[Stored items]:
■ ■ ■
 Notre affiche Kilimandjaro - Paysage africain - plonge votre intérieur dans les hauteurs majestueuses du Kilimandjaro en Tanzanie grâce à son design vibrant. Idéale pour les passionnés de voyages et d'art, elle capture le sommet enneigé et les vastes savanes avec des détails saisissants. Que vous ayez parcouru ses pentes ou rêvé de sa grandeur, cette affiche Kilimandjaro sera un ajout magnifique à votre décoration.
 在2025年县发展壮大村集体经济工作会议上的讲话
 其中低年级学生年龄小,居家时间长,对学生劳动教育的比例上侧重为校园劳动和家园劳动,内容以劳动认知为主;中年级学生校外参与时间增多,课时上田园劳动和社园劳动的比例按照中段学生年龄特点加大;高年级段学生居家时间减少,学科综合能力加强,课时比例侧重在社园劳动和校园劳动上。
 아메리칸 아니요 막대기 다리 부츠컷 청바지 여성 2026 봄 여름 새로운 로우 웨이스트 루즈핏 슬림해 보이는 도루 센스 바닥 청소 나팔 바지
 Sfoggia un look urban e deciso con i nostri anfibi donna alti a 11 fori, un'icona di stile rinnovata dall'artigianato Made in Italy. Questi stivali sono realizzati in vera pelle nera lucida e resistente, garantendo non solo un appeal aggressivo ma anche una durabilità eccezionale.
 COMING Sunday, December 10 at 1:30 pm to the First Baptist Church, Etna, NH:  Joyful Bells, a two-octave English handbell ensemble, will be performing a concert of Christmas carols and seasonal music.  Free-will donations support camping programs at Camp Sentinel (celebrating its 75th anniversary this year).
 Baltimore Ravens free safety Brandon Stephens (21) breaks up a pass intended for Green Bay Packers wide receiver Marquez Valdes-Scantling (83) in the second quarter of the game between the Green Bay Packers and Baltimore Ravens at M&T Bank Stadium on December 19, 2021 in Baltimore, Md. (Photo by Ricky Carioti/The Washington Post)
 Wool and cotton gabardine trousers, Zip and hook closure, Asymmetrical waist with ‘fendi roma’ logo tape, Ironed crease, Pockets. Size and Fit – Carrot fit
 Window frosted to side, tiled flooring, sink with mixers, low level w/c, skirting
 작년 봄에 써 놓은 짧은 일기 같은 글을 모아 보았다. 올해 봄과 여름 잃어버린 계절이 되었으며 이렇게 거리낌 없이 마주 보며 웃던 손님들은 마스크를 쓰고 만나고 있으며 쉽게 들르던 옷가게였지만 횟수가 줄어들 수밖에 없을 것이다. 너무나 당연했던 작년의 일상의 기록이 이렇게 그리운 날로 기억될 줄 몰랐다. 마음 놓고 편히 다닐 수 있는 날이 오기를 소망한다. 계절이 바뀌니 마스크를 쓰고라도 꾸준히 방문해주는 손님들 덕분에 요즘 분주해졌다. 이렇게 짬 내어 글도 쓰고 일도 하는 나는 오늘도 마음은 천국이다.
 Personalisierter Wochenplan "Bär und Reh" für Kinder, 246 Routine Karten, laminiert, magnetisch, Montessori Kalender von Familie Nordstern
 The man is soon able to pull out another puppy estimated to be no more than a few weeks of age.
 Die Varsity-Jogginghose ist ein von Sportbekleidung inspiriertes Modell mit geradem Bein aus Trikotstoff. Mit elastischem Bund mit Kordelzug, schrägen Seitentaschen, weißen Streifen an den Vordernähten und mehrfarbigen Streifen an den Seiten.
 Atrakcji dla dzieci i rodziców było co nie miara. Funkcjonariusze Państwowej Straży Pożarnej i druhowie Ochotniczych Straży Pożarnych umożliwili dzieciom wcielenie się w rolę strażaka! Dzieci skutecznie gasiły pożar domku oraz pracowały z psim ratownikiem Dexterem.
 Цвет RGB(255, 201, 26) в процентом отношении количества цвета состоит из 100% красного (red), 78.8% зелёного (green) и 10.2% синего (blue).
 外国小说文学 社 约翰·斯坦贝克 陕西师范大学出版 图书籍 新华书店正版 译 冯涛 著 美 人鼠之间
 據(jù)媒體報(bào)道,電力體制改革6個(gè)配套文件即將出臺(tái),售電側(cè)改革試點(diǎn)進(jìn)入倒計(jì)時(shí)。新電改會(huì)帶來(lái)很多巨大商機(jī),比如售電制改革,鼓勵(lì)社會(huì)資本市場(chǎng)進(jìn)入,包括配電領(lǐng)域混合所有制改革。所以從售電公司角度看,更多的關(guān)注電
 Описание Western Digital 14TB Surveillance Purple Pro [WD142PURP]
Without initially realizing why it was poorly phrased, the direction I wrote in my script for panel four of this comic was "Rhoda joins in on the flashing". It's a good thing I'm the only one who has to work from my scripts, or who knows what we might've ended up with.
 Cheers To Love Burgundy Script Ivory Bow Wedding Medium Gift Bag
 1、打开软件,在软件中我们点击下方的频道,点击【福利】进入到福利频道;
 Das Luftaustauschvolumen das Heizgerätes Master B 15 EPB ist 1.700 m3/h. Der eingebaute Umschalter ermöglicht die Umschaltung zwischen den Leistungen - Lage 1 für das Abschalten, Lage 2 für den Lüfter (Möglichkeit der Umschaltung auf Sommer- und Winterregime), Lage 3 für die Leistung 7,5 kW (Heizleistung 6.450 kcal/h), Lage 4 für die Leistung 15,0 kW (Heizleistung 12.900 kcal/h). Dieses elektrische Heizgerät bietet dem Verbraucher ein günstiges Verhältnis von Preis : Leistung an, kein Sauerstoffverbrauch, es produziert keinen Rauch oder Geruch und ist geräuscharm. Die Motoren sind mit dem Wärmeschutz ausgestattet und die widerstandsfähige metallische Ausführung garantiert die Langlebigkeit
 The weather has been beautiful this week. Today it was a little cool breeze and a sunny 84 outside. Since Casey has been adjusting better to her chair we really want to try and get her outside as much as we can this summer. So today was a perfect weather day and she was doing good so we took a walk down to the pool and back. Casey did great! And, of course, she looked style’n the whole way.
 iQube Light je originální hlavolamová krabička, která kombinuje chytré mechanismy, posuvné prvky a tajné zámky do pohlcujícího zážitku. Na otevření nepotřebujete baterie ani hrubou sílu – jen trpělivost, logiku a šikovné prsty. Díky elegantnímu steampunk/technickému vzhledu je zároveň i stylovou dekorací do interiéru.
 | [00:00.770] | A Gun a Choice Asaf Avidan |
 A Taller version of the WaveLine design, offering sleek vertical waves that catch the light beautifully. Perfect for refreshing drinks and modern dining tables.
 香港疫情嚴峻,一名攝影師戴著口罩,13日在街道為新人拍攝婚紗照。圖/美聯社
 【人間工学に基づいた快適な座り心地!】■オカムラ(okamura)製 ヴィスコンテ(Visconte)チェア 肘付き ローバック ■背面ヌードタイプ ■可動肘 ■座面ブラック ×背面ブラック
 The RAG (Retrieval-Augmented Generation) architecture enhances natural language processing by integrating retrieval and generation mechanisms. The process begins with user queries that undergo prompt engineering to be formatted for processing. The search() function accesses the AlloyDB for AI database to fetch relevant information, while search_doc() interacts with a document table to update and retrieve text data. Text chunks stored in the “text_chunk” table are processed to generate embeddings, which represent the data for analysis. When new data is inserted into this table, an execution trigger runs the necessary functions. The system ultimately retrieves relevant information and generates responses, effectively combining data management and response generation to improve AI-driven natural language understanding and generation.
■ ■ ■
[EXERCISE AIM]: Set the records above down again. Match them exactly.

[EXERCISE RESULT]:
 Notre affiche Kilimandjaro - Paysage africain - plonge votre intérieur dans les hauteurs majestueuses du Kilimandjaro en Tanzanie grâce à son design vibrant. Idéale pour les passionnés de voyages et d'art, elle capture le sommet enneigé et les vastes savanes avec des détails saisissants. Que vous ayez parcouru ses pentes ou rêvé de sa grandeur, cette affiche Kilimandjaro sera un ajout magnifique à votre décoration.
 在2025年县发展壮大村集体经济工作会议上的讲话
 其中低年级学生年龄小,居家时间长,对学生劳动教育的比例上侧重为校园劳动和家园劳动,内容以劳动认知为主;中年级学生校外参与时间增多,课时上田园劳动和社园劳动的比例按照中段学生年龄特点加大;高年级段学生居家时间减少,学科综合能力加强,课时比例侧重在社园劳动和校园劳动上。
 아메리칸 아니요 막대기 다리 부츠컷 청바지 여성 2026 봄 여름 새로운 로우 웨이스트 루즈핏 슬림해 보이는 도루 센스 바닥 청소 나팔 바지
 Sfoggia un look urban e deciso con i nostri anfibi donna alti a 11 fori, un'icona di stile rinnovata dall'artigianato Made in Italy. Questi stivali sono realizzati in vera pelle nera lucida e resistente, garantendo non solo un appeal aggressivo ma anche una durabilità eccezionale.
 COMING Sunday, December 10 at 1:30 pm to the First Baptist Church, Etna, NH:  Joyful Bells, a two-octave English handbell ensemble, will be performing a concert of Christmas carols and seasonal music.  Free-will donations support camping programs at Camp Sentinel (celebrating its 75th anniversary this year).
 Baltimore Ravens free safety Brandon Stephens (21) breaks up a pass intended for Green Bay Packers wide receiver Marquez Valdes-Scantling (83) in the second quarter of the game between the Green Bay Packers and Baltimore Ravens at M&T Bank Stadium on December 19, 2021 in Baltimore, Md. (Photo by Ricky Carioti/The Washington Post)
 Wool and cotton gabardine trousers, Zip and hook closure, Asymmetrical waist with ‘fendi roma’ logo tape, Ironed crease, Pockets. Size and Fit – Carrot fit
 Window frosted to side, tiled flooring, sink with mixers, low level w/c, skirting
 작년 봄에 써 놓은 짧은 일기 같은 글을 모아 보았다. 올해 봄과 여름 잃어버린 계절이 되었으며 이렇게 거리낌 없이 마주 보며 웃던 손님들은 마스크를 쓰고 만나고 있으며 쉽게 들르던 옷가게였지만 횟수가 줄어들 수밖에 없을 것이다. 너무나 당연했던 작년의 일상의 기록이 이렇게 그리운 날로 기억될 줄 몰랐다. 마음 놓고 편히 다닐 수 있는 날이 오기를 소망한다. 계절이 바뀌니 마스크를 쓰고라도 꾸준히 방문해주는 손님들 덕분에 요즘 분주해졌다. 이렇게 짬 내어 글도 쓰고 일도 하는 나는 오늘도 마음은 천국이다.
 Personalisierter Wochenplan "Bär und Reh" für Kinder, 246 Routine Karten, laminiert, magnetisch, Montessori Kalender von Familie Nordstern
 The man is soon able to pull out another puppy estimated to be no more than a few weeks of age.
 Die Varsity-Jogginghose ist ein von Sportbekleidung inspiriertes Modell mit geradem Bein aus Trikotstoff. Mit elastischem Bund mit Kordelzug, schrägen Seitentaschen, weißen Streifen an den Vordernähten und mehrfarbigen Streifen an den Seiten.
 Atrakcji dla dzieci i rodziców było co nie miara. Funkcjonariusze Państwowej Straży Pożarnej i druhowie Ochotniczych Straży Pożarnych umożliwili dzieciom wcielenie się w rolę strażaka! Dzieci skutecznie gasiły pożar domku oraz pracowały z psim ratownikiem Dexterem.
 Цвет RGB(255, 201, 26) в процентом отношении количества цвета состоит из 100% красного (red), 78.8% зелёного (green) и 10.2% синего (blue).
 外国小说文学 社 约翰·斯坦贝克 陕西师范大学出版 图书籍 新华书店正版 译 冯涛 著 美 人鼠之间
 據(jù)媒體報(bào)道,電力體制改革6個(gè)配套文件即將出臺(tái),售電側(cè)改革試點(diǎn)進(jìn)入倒計(jì)時(shí)。新電改會(huì)帶來(lái)很多巨大商機(jī),比如售電制改革,鼓勵(lì)社會(huì)資本市場(chǎng)進(jìn)入,包括配電領(lǐng)域混合所有制改革。所以從售電公司角度看,更多的關(guān)注電
 Описание Western Digital 14TB Surveillance Purple Pro [WD142PURP]
Without initially realizing why it was poorly phrased, the direction I wrote in my script for panel four of this comic was "Rhoda joins in on the flashing". It's a good thing I'm the only one who has to work from my scripts, or who knows what we might've ended up with.
 Cheers To Love Burgundy Script Ivory Bow Wedding Medium Gift Bag
 1、打开软件,在软件中我们点击下方的频道,点击【福利】进入到福利频道;
 Das Luftaustauschvolumen das Heizgerätes Master B 15 EPB ist 1.700 m3/h. Der eingebaute Umschalter ermöglicht die Umschaltung zwischen den Leistungen - Lage 1 für das Abschalten, Lage 2 für den Lüfter (Möglichkeit der Umschaltung auf Sommer- und Winterregime), Lage 3 für die Leistung 7,5 kW (Heizleistung 6.450 kcal/h), Lage 4 für die Leistung 15,0 kW (Heizleistung 12.900 kcal/h). Dieses elektrische Heizgerät bietet dem Verbraucher ein günstiges Verhältnis von Preis : Leistung an, kein Sauerstoffverbrauch, es produziert keinen Rauch oder Geruch und ist geräuscharm. Die Motoren sind mit dem Wärmeschutz ausgestattet und die widerstandsfähige metallische Ausführung garantiert die Langlebigkeit
 The weather has been beautiful this week. Today it was a little cool breeze and a sunny 84 outside. Since Casey has been adjusting better to her chair we really want to try and get her outside as much as we can this summer. So today was a perfect weather day and she was doing good so we took a walk down to the pool and back. Casey did great! And, of course, she looked style’n the whole way.
 iQube Light je originální hlavolamová krabička, která kombinuje chytré mechanismy, posuvné prvky a tajné zámky do pohlcujícího zážitku. Na otevření nepotřebujete baterie ani hrubou sílu – jen trpělivost, logiku a šikovné prsty. Díky elegantnímu steampunk/technickému vzhledu je zároveň i stylovou dekorací do interiéru.
 | [00:00.770] | A Gun a Choice Asaf Avidan |
 A Taller version of the WaveLine design, offering sleek vertical waves that catch the light beautifully. Perfect for refreshing drinks and modern dining tables.
 香港疫情嚴峻,一名攝影師戴著口罩,13日在街道為新人拍攝婚紗照。圖/美聯社
 【人間工学に基づいた快適な座り心地!】■オカムラ(okamura)製 ヴィスコンテ(Visconte)チェア 肘付き ローバック ■背面ヌードタイプ ■可動肘 ■座面ブラック ×背面ブラック
 The RAG (Retrieval-Augmented Generation) architecture enhances natural language processing by integrating retrieval and generation mechanisms. The process begins with user queries that undergo prompt engineering to be formatted for processing. The search() function accesses the AlloyDB for AI database to fetch relevant information, while search_doc() interacts with a document table to update and retrieve text data. Text chunks stored in the “text_chunk” table are processed to generate embeddings, which represent the data for analysis. When new data is inserted into this table, an execution trigger runs the necessary functions. The system ultimately retrieves relevant information and generates responses, effectively combining data management and response generation to improve AI-driven natural language understanding and generation.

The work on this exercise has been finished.